In many ways, technology advancements mimic the swinging motion of a pendulum. Creation inspires innovation, innovation breeds disruption, and disruption promotes creation.
Enterprise communication systems were once considered the undisputed hotbed of innovation with features such as voicemail, call forwarding and recording influencing the way individuals communicated personally and professionally.
Today the rate of invention in personal communication has vastly outpaced its enterprise counterpart, shining a light on the shortcomings of the outdated legacy hardware still permeating offices.
>See also: Top 5 communications trends on the IT agenda
The evolution of personal communications is driven by an ever-growing number of applications creating new and exciting ways to engage and connect, and teams want these experiences translated into the work setting.
As we look ahead to 2016, ‘appification’, real-time collaboration and integration are three areas that (if properly invested in by the enterprise) will reinvent how teams interact with one another and their customers.
It’s an app world
The modern workforce is constantly on the go. In June of 2015, Gartner revealed that mobile phone sales will reach 2.1 billion units by 2019. And by 2017, mobile app development services will grow at least five times faster than internal IT organisations’ capacity to deliver them.
This concept isn’t entirely new – workers have been moving away from the landline and toward app-filled mobile devices for over a decade. Now, businesses are playing catch-up by looking closely at how people communicate in their personal lives, with a focus on the end-user experience.
As mobility continues to dive further into our personal and professional lives, businesses that embrace the appification of their workplace will be the ones on top. And the more teams are encouraged to use high-performance, forward-thinking applications to manage communications, the more productive, resourceful, and interconnected they will become.
Today’s workforce has come to expect real-time connectivity that mirrors the way they do business, share information and collaborate. A study by Wainhouse Research found that 94% of companies utilising video conferencing saw an upsurge in productivity among their teams.
While video conferencing has existed for decades, an overwhelming majority of businesses are increasing their use of video, a trend that has picked up over the past two years.
Face-to-face interaction without the need for physical presence has enabled global workforces to build stronger relationships with colleagues and customers.
The future of business collaboration will rely even more heavily on innovation in video and web conferencing to solve intricate collaboration challenges associated with today’s increasingly mobile and social workforce.
The rapid expansion of devices and capabilities, compounded by the proliferation of BYOD in the enterprise, has significantly transformed how people conduct business.
This reality has placed greater pressure on the IT function to manage connectivity between multiple solutions using an archaic hardware-based infrastructure.
Most organisations have existing communication investments.
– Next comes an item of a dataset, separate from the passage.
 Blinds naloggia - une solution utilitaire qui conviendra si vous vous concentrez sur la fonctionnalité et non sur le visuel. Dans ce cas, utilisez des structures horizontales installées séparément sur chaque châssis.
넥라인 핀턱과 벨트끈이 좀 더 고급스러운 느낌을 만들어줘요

Integrating new offerings into those existing systems is essential to make them accessible and increase adoption.
Enterprises don’t want multiple vendors, particularly if their solutions don’t speak the same language. They want a simplified experience on a secure platform.
The year of the lightweights
Teams have come to expect the same best-in-class experiences in the workplace as they do in their personal lives. These expectations will only be met if they are supported by the right infrastructure.
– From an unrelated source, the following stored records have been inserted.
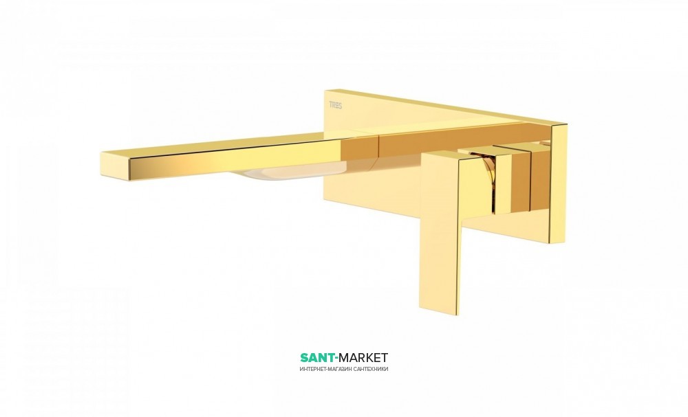 1) Змішувач для раковини Tres Cuadro Сolors настінний змішувач золото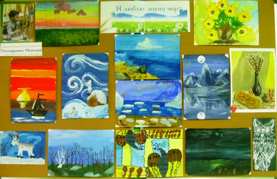 В Исакогорской детской библиотеке № 15 продолжает работу выставка рисунков «Я люблю этот мир», на которой представлены лучшие работы Дехтяренко Михаила, ученика 3 «Б» класса МБОУ СШ № 34.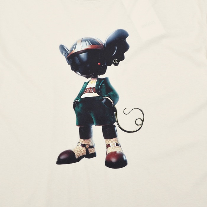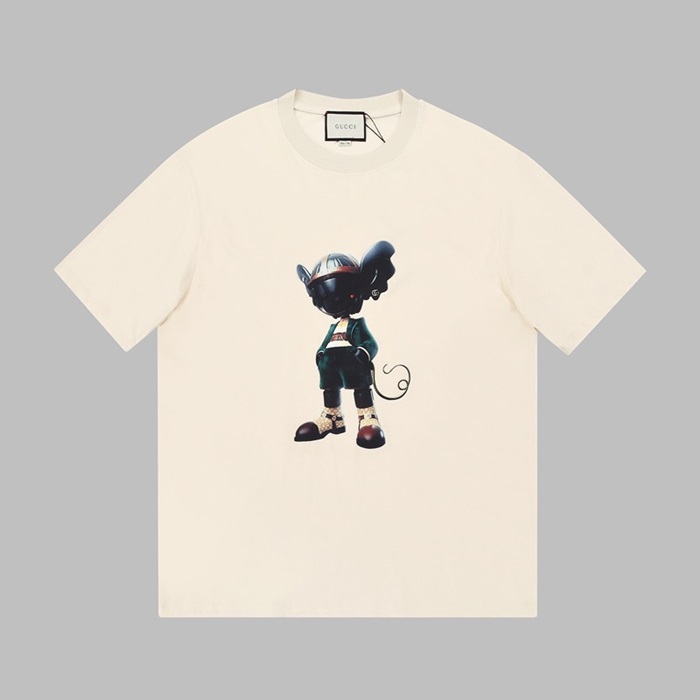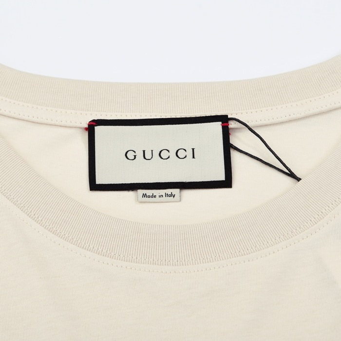 グッチメンズクルーネックアイボリー半袖Tシャツc04590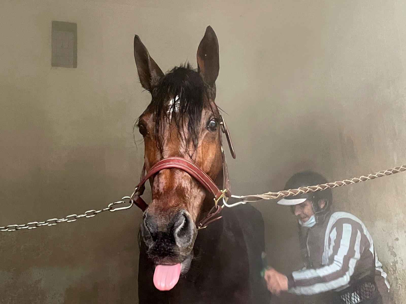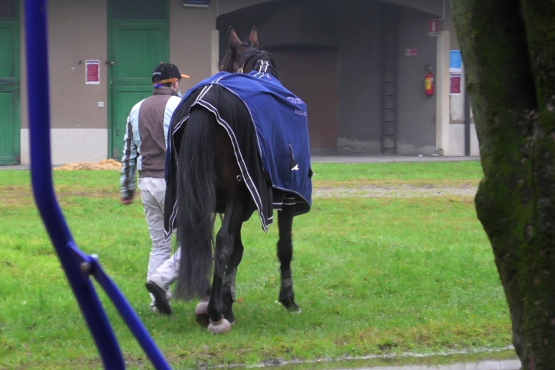Bei sechs Gegnern spielt der Rennverlauf keine so grosse Rolle, meint man oft. Nun, mit etwas mehr Rennglück, hätte Vessillo heute den Favoriten im 14'300-Euro-Einladungsrennen über 2700m (+20) noch mehr in Bedrängnis gebracht. Er startete gut, doch kurz nach dem Start galoppierte vor ihm ein Gegner und gleichzeitig kam der grosse Favorit "unblutig" an die Spitze. Andrea blieb nichts anderes übrig, als Vessillo an letzter Stelle des kleinen Feldes zu positionieren. Dort warteten die beiden geduldig. Eine Taktik, die sich schon in der Meisterschaft ausbezahlt hatte. In der letzten Runde stürmte Vessillo vor, doch ein Gegner schaffte es, ihn aussen zu halten und weitere Wege laufen zu lassen (vor allem durch den letzten Bogen). Wer nun aber gedacht hatte, Vessillo klinke sich in der Zielgerade nach dem Effort aus, sah sich getäuscht. Er beschleunigte nochmal und kam bis auf etwa eine Länge an den grossen Favoriten (20-facher Sieger) heran. Top, echt stark! Die letzten 800 Meter wurden vom Sieger (umgerechnet auf den Kilometer) in 1:12,0 gelaufen: Will heissen, dass VESSILLO auf dem letzten Abschnitt eine 11er-Zeit in den Sand trommelte, denn er musste ja aussen herum und machte klar Boden gut auf den Sieger.

It may sound simple, but investing in the right communications tools can empower and excite workforces in ways they never imagined. It can unify and inspire new business processes and workflows, and drive richer interactions and increase productivity.
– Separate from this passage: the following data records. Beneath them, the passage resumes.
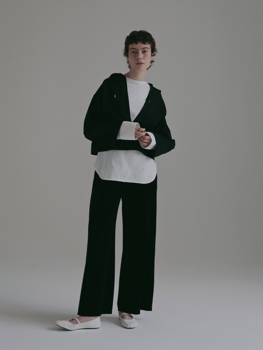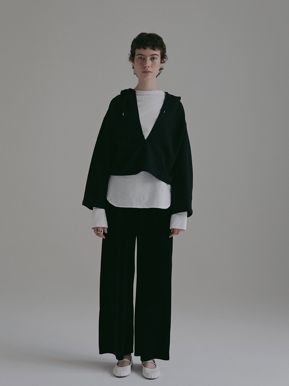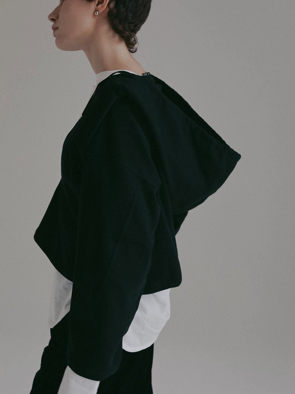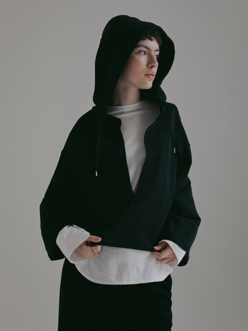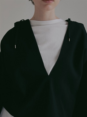前立ての深い切り込みが特徴のフーデットパーカー。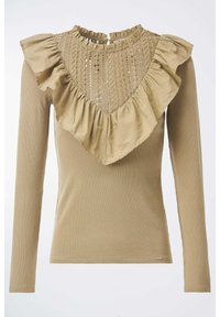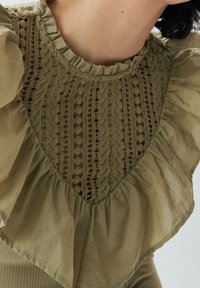 Femme portant un haut côtelé à manches longues de couleur vert olive avec des détails en dentelle et des volants, associé à un jean bleu foncé taille haute.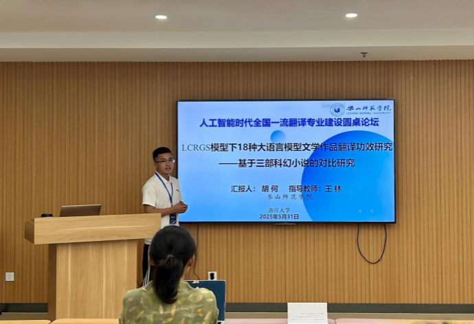 本网讯(文图/胡何)5月31日,第三届人工智能时代全国一流翻译专业建设圆桌论坛在浙江大学召开。外国语学院翻译专业2021级本科生胡何在王林副教授指导下的论文“LCRGS模型下18种大语言模型文学作品翻译功效研究”通过会议评审,受邀参会发言并获评优秀论文。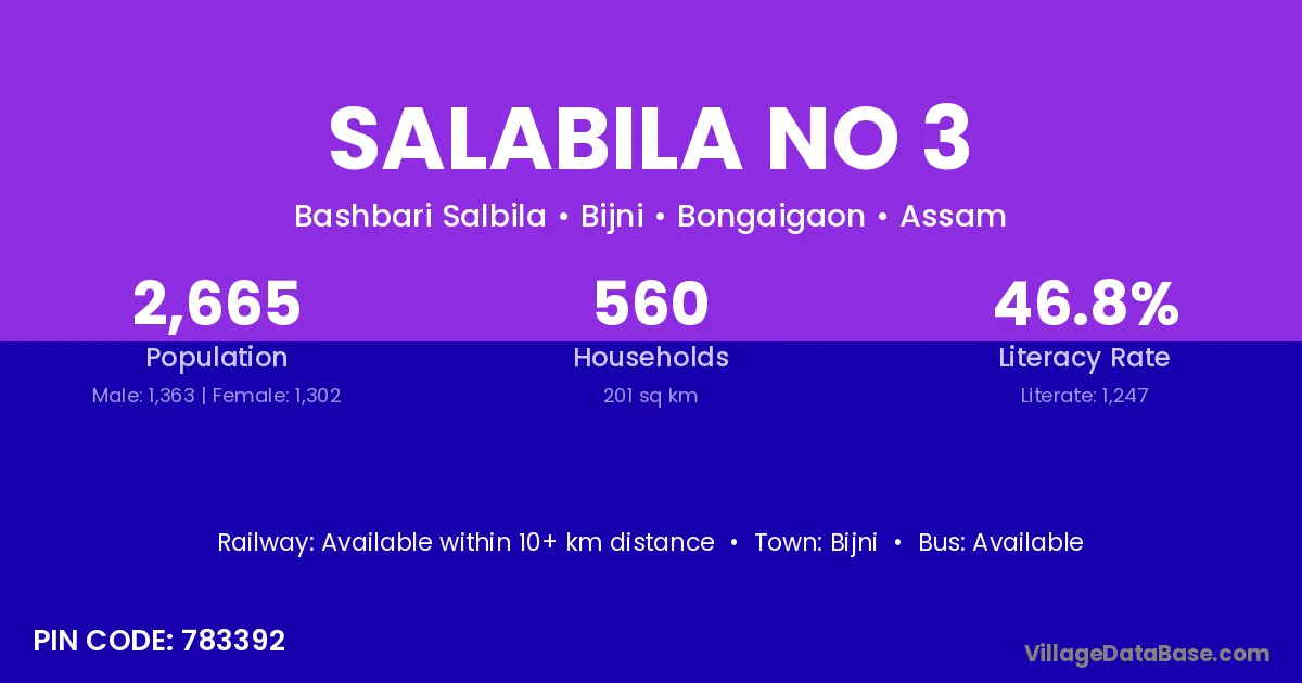 Bijni is the nearest town to Salabila No 3 village for major economic activities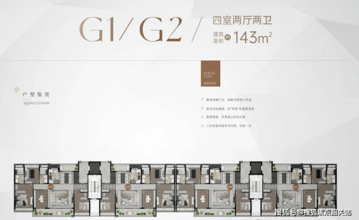 洋房:全部为143平方米的大平层设计,两梯两户板楼结构,私密性强。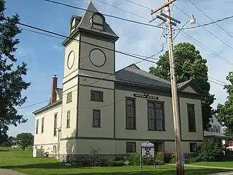 The Enosburg Opera House stands in the village of Enosburg Falls, on the north side of Depot Street midway between Pleasant Street and Vermont Route 108. It is a large rectangular wood-frame structure, with a single story set on a high basement and stone foundation. A 3+1⁄2-story square tower rises from one corner, forming a highly visible landmark in the village. It has a gable-on-hip roof and its exterior is finished in clapboards. The main entrance is set in a recess on the street-facing front facade, providing access to the basement level.[2]

An essential part of delivering simplified, consistent experiences – from mobile to tablet to desktop – is first embracing the shift from on-premise hardware systems (the heavyweights) to cloud-based, software solutions (the lightweights).
Lightweight solutions effortlessly tap datasets for organizations to create a path of least resistance. How? By providing real-time access to resources wrapped in a friendly user experience.
New cloud-based app solutions will continue to redefine business communication, and disruption will continue to shape the narrative of this market throughout 2016.
Communication tools, from the PBX desk phone to the contact center and audio conferencing solutions, have been the mainstay for years, but they’re no longer able to keep pace.
>See also: How the use of unified communications will evolve
Legacy systems are creating more complexity as users move toward high-touch, multi-channel communication. Software-based solutions are nimbler and scalable to deliver enhanced functionality.
By 2016, more than 50% of large and midsize organizations will be running some unified communications (UC) applications in either private or public clouds.
As we witness the pendulum of technology continue its inevitable swing from creation to innovation to disruption and back toward creation, outdated legacy offerings will be left behind in favour of lightweight solutions that facilitate collaboration and make distributed workforces more agile and productive.
In the process, organisations will begin to realise the full breadth of features and capabilities that come with adopting and deploying a modern, unified communications platform.